Empirical thresholds can be classified again based on the rainfall parameters used as intensity-duration (ID) thresholds, total rainfall event-duration (ED) thresholds, and total rainfall event-intensity (EI) thresholds [12]. A general, well-accepted agreement which determines the selection of rainfall parameters is that shallow/rapid landslides are initiated by rainfalls of high intensity and short duration [16] and deep-seated landslides occur when it rains continuously over a long time [17]. This research focuses on the initiation of shallow landslides which cause maximum casualties during the monsoon time in the region and hence thresholds based on intensity-duration plane and antecedent rainfall are defined for Idukki. The objective is to start the preliminary steps towards an effective regional scale warning system for the Idukki district.

2. Study Area

In the state of Kerala, Idukki was the worst-hit district during 2018 disaster, with 143 major landslides in the state government records [1]. As shown in the slope map of Idukki, the geography of the area consists of slopes as steep as 80° (Figure 1) and the elevation ranges up to 2692 m (Figure 3). A significant share of the population of the district had houses in these unstable slopes, which were destroyed in the 2018 landslides irrespective of the building typology [1]. 97% of the major roads in the districts cut through the rugged mountains and hills, which are often blocked due to landslides in the monsoons [18]. Sprawling across an area of 4358 km2, Idukki supplies 66% of the electric power requirements of Kerala [19]. This district with more than half of the area covered by forests is the second largest one in terms of area in the state.
The Western Ghats can be divided into two segments, north and south, separated by the Gap of Palghat.
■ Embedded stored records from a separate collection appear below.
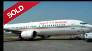
1990 B737-400 s/n 24808 PAX-TO-CARGO Status: Completed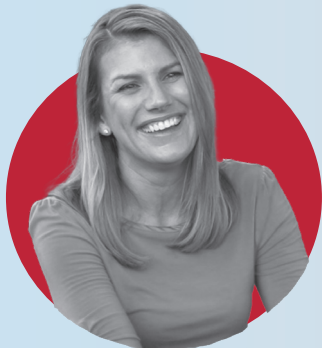
AMANDA ADKINS KS-03 REP. CANDIDATE (R)

“Kansas needs a new governor who will make daily life more affordable during this time of record high gas prices, soaring grocery bills and a lagging state economy.”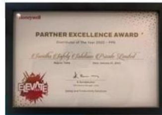
Partner Excellence Award PPE - 2020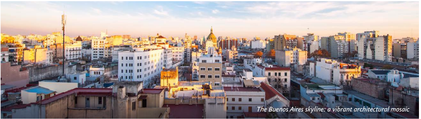
The Buenos Aires skyline: a vibrant architectural mosaic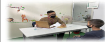
Clinical Psychologist conducting I.O. Assessment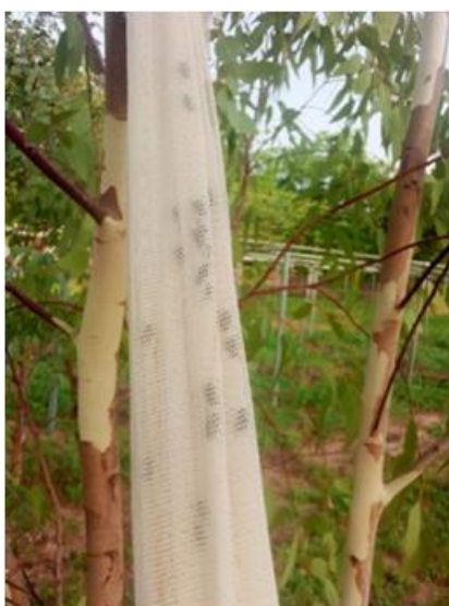
Fig.6 Insects trapped at the Tip end of the trap

Sample collection began the first day of exposure and mark as day 1. The sample were collected two times daily at six hour interval beginning from 8am-4pm to cover day time only when insects diurnal activity should be greatest. The collection period were sometimes changed to cover all day time hours. Flying insects were collected by closing the cover of the trap where all insects within the trap were forced to the tip end of cover. The tip end of this cover was then pushed into the killing jar where the insects were killed (fig. 3.3). Crawling insects, ants, spiders, and other arthropods samples were collected manually by hand picking and killed in a similar way. The number of samples collected was counted and preserved on daily basis up to the end of the experiment. However, only adults samples were collected, eggs and larvae on and around the carrion were only observed not collected to avoid damaging maggots establishing on the carcasses which could consequently interfere with the rate of decomposition process.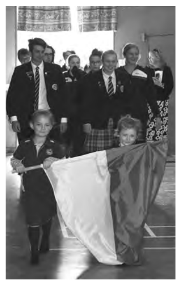
Leading in MAS to Opening Ceremony

The Maniototo community came together collectively support the Area Schools Tournament hosted by Maniototo Area School held mid-May. Schools from Catlins, Waiau, Roxburgh, Twizel, and Lawrence descended on the Maniototo for a full schedule of events. Residents were called upon to assist with hosting billets and the level of support (even from people with junior school students or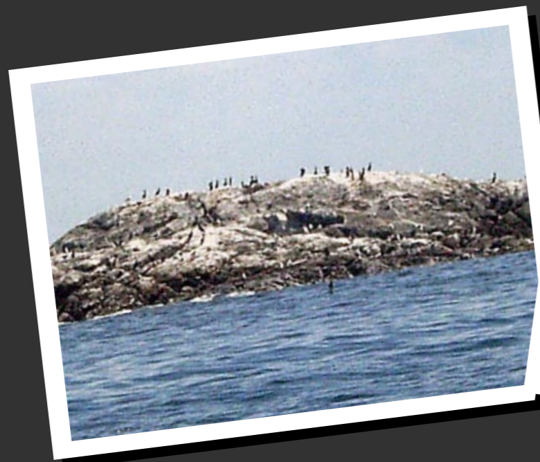
Little Dry Salvages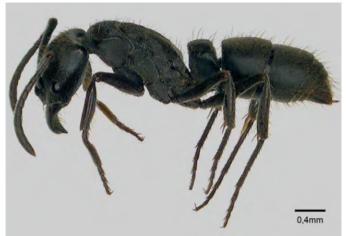
Figure A43. Subfamily Ponerinae: Pachycondyla striata .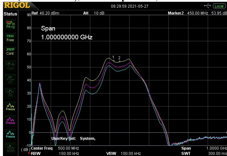
S21, Gain sweep frequency response to 1GHz. 10dB/div & 100MHz/div. Yellow = HIGH power, Magenta = MED, Cyan = LOW Markers are 70cm band edges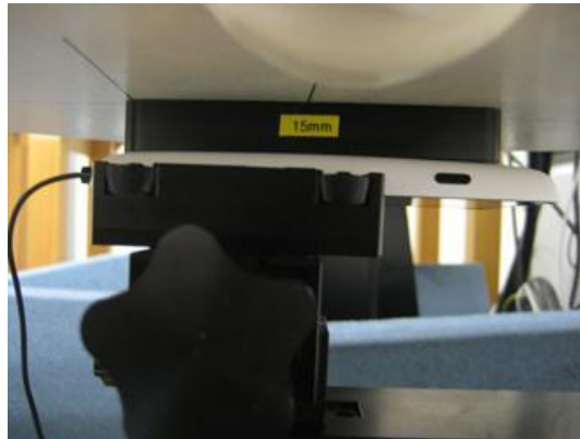
Photo of the device positioned for Body SAR measurement. The spacer was removed for the tests.

Nokia body-worn accessories are commonly available for the separation distance used in this testing.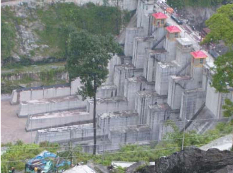
Construction of Teesta V Dam, Sikkim, India, 2008. India, with a huge planned capacity expansion of 50,000 MW in the next 10 years, will require funds to the tune of US$31 billion just in the next five years.

While there are no cost estimates available for many of the projects in Bhutan, with a rule of thumb of about Indian Rs. 5 crores per MW ($1.2 million per MW), 46 we can estimate that Bhutan will need $12 billion in the next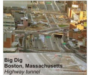
Big Dig Boston, Massachusetts Highway tunnel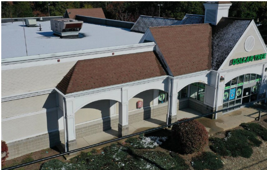
1914 Ocean Street, Marshfield, MA

12,124↑ Inventory Units 235↓ Under Construction Units 221↓ 12 Mo Absorption Units 6.4%↑ Vacancy Rate 4.9%↓ Market Cap Rate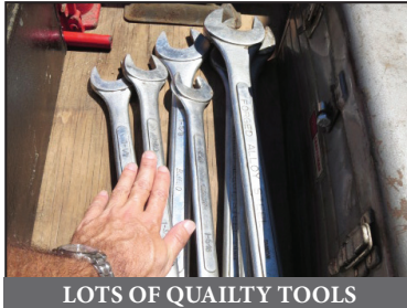
LOTS OF QUALITY TOOLS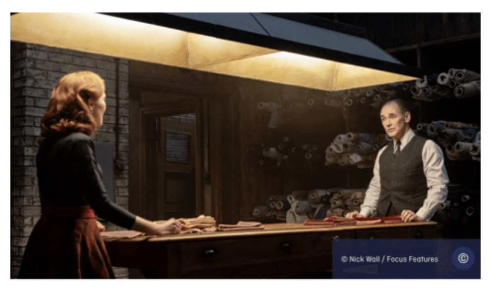
Zoey Deutch and Mark Rylance in The Outfit by Graham Moore

The Berlinale Special program comprises 15 films from 12 countries – six documentaries and nine feature films, among them two short films. 12 films are world premieres. Most of the Berlinale Special Gala films work within genre – spanning from horror to musical, from fantasy to gangster movie. Berlinale Special will show mainly documentary forms. In its line-up, the Berlinale Special combines celebrity sparkle with the stories that matter.

Deep-seated landslides are reported in the northern segment and the eastern flank while the southern segment mostly experiences shallow landslides [20]. Idukki belongs to the southern part, where regolith thickness ranges from 0.25–5 m [21] and is prone to shallow landslides [1]. Geomorphic classification of the terrain divides the area into four, viz., rugged hills, ridges and valleys, fringe slope, and plateau [22]. Scarps of the Western Ghats consist of frictional soil with less cohesion, thus being stable in dry conditions and losing their strength when the moisture content increases. Plateu regions have a thick layer of top soil, rich in clay content due to their morphology and tropical climate [23]. Geologically, rocks of Wayanad, Charnockite, Khondalite, and Migmatite groups contribute the formation of a part of South Indian Precambrian metamorphic shield [22]. The primary weathering process is hydrolysis in the area, which is due to the high precipitation [24].

2.1. Triggering Factors

The scarps of the Western Ghats experience an annual rainfall as high as 5000 mm as a result of the southwest monsoon, northeast monsoon, and premonsoon showers [25]. The Western flank of the Western Ghats experiences landslides during the southwest monsoon and the eastern side is affected mainly during the northeast monsoon [20]. Large amounts of high-intensity rainfalls increase the pore water pressure within the soil mass, which eventually decreases the shear strength of the soil. This is considered as the primary triggering factor of landslides in the Indian Himalayas [2,4,26] and the Western Ghats [27]. The fissures in bedrock siphons the excess rainwater to unstable zones in the slopes during the monsoon [28]. Photographs of some landslides which happened during the 2018 monsoon are shown in Figure 2. The population of this region increased rapidly after the 19th century, as the people from the midlands started migrating into the hilly region [29]. The industrially backward district was in a quest for better infrastructure due to an increase in population. As an effect, the land use has changed significantly in a short span of time, which favoured the occurrence of landslides in the region. Large scale hill-toe modifications have been done in the district in recent decades for the purpose of infrastructure development, due to which the hill slopes have become steep, without any lateral support. The terraced slopes, modified for monoculture plantations with no sufficient drainage provisions, aggravated the scenario. Due to the drain blockages, water from the intense rainfall accumulates in the top soil layers, leading to landslides.
In a detailed landslide inventory of Kerala until 2010, prepared by the Geological Survey of India (GSI), 64 major cases were reported in the Idukki district [30]. The landslide typologies vary from creep and subsidence to debris flows and avalanches. Along the major road corridors of the district, earth/debris slides have become common during monsoon period [18]. The sharp turnings and vertical cuts along the roads are highly susceptible to cut-slope failures. Incessant rainfall and the subsequent pore pressure increase adversely affects the steep slopes and results in landslides. To conclude, from the case studies conducted by GSI, a major share of the events in Idukki are of debris flow type triggered by heavy rainfall and are influenced by factors like slope, land use, overburden thickness, and disposition of streams etc. [18,23,31,32].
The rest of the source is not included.